**DATASET CONTENT:**
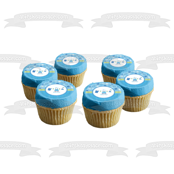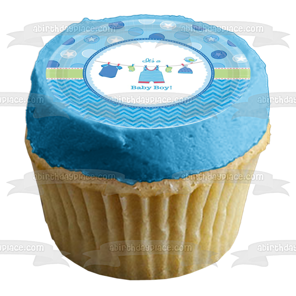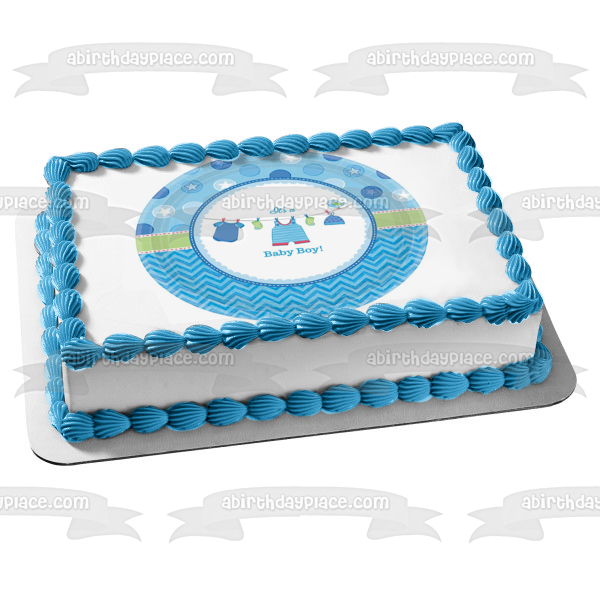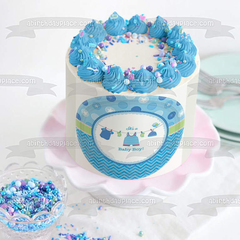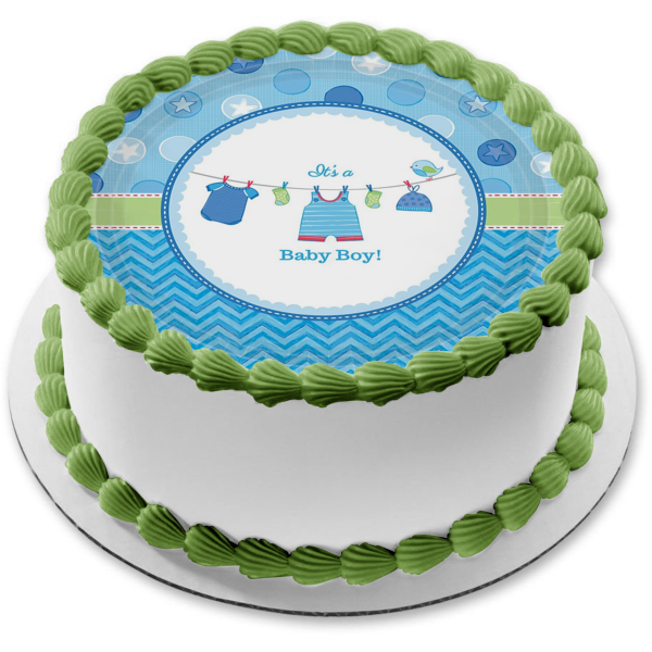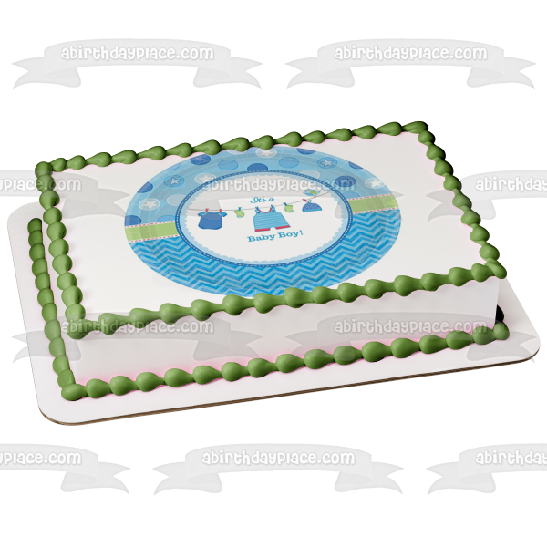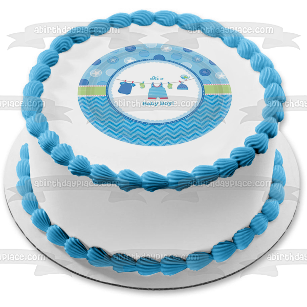 Celebrate your very special day with this It's a Baby Boy themed Edible Cake Topper Image featuring Boy Outfits, Socks and Hats on a Clothesline!
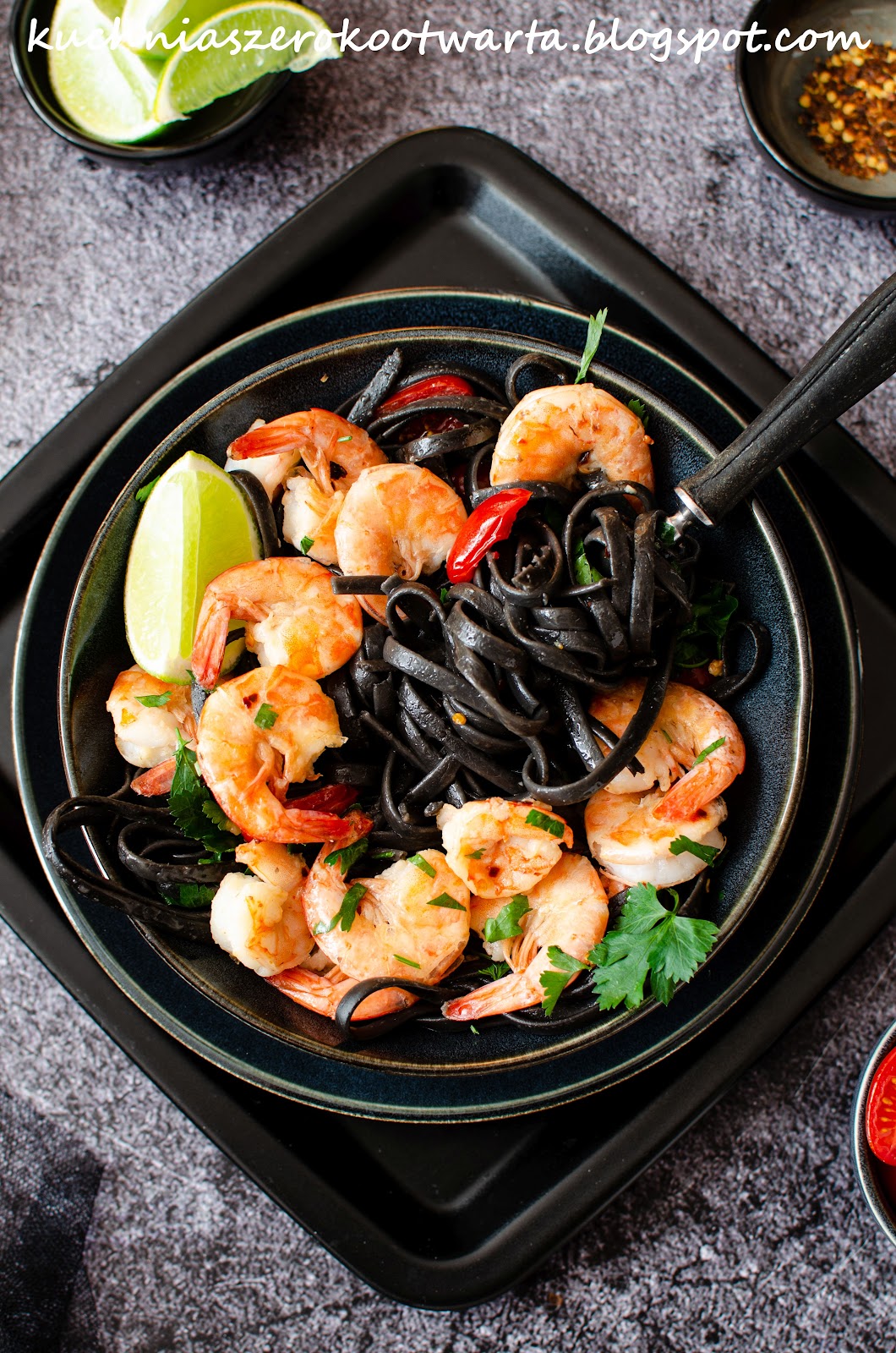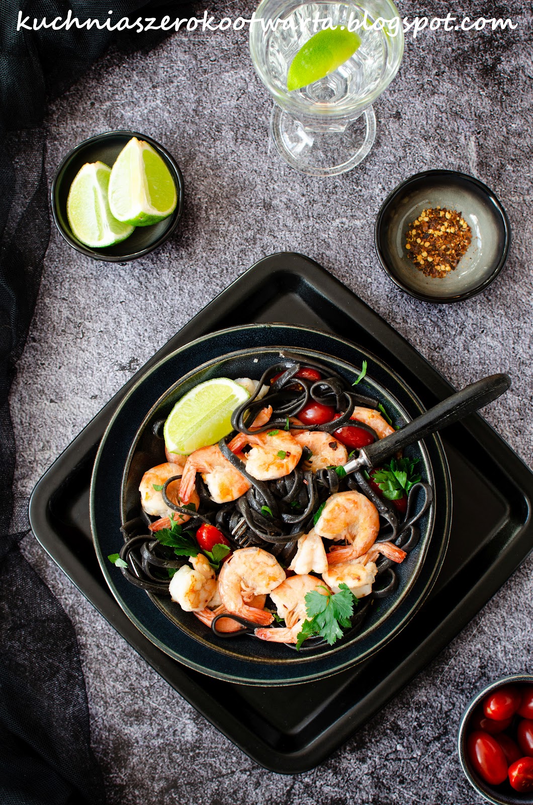 Krewetki (jeśli są mrożone) rozmrozić, oczyścić i obrać. Osuszyć na ręczniku papierowym. Na patelni rozpuścić masło z oliwą. Podać przeciśnięty czosnek oraz krewetki. Smażyć na średnim ogniu po ok. 1 minucie z każdej strony. Dodać płatki chili, pokrojone pomidorki koktajlowe i podsmażyć ok. 1 minutę. Doprawić do smaku solą i skropić sokiem z limonki.
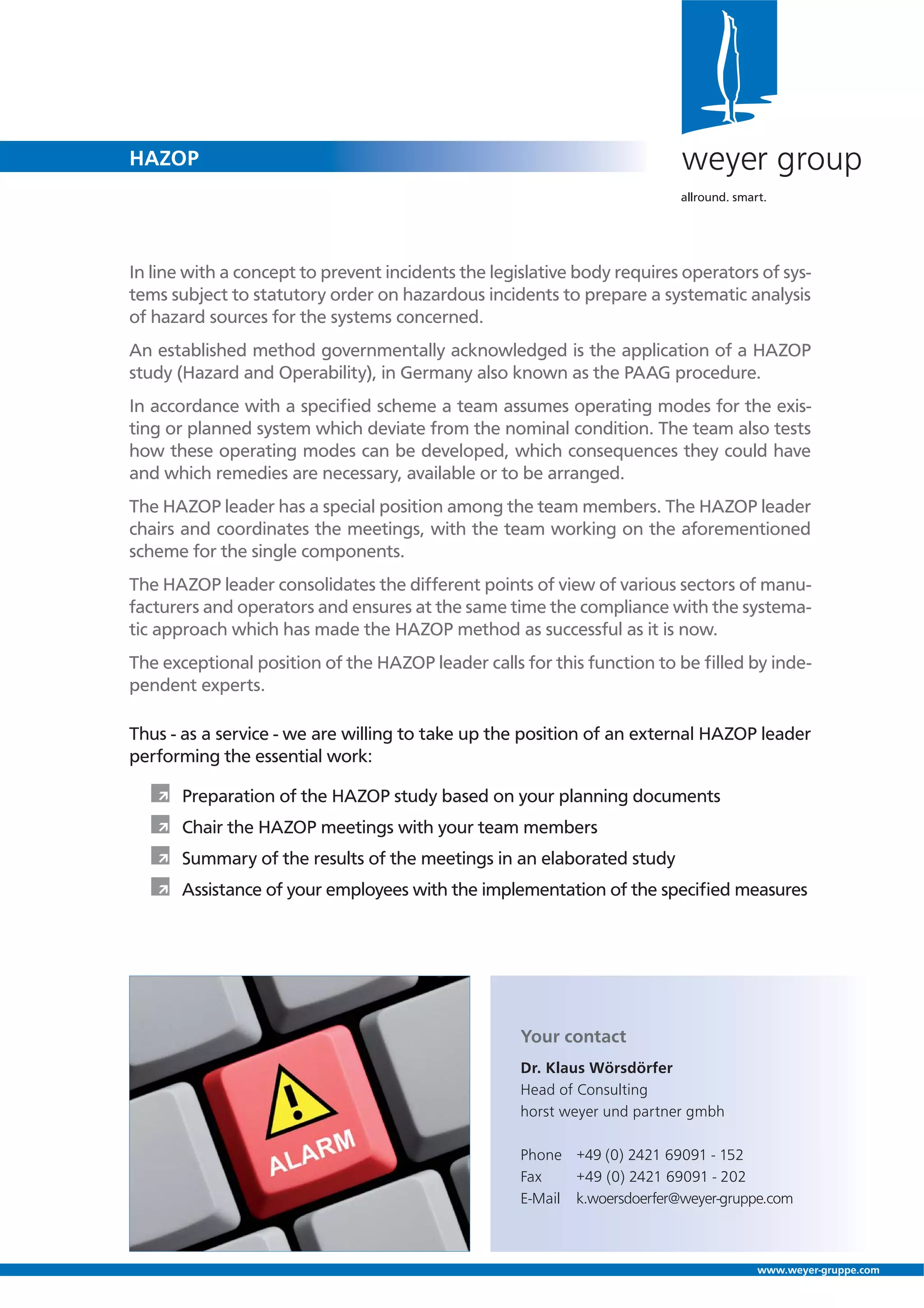 The document outlines the requirement for operators of hazardous systems to conduct systematic hazard analysis, specifically through HAZOP (Hazard and Operability) studies, to prevent incidents. A HAZOP study involves a team that examines non-nominal operating modes and their potential consequences, led by an independent expert known as the HAZOP leader. The document offers consulting services for HAZOP studies, including preparation, meeting facilitation, result summarization, and implementation assistance.

**TASK DESCRIPTION:** A faithful copy of all the data above is required, printed exactly and with no pictures.

**OUTPUT OF THE EXERCISE:**
 Celebrate your very special day with this It's a Baby Boy themed Edible Cake Topper Image featuring Boy Outfits, Socks and Hats on a Clothesline!
 Krewetki (jeśli są mrożone) rozmrozić, oczyścić i obrać. Osuszyć na ręczniku papierowym. Na patelni rozpuścić masło z oliwą. Podać przeciśnięty czosnek oraz krewetki. Smażyć na średnim ogniu po ok. 1 minucie z każdej strony. Dodać płatki chili, pokrojone pomidorki koktajlowe i podsmażyć ok. 1 minutę. Doprawić do smaku solą i skropić sokiem z limonki.
 The document outlines the requirement for operators of hazardous systems to conduct systematic hazard analysis, specifically through HAZOP (Hazard and Operability) studies, to prevent incidents. A HAZOP study involves a team that examines non-nominal operating modes and their potential consequences, led by an independent expert known as the HAZOP leader. The document offers consulting services for HAZOP studies, including preparation, meeting facilitation, result summarization, and implementation assistance.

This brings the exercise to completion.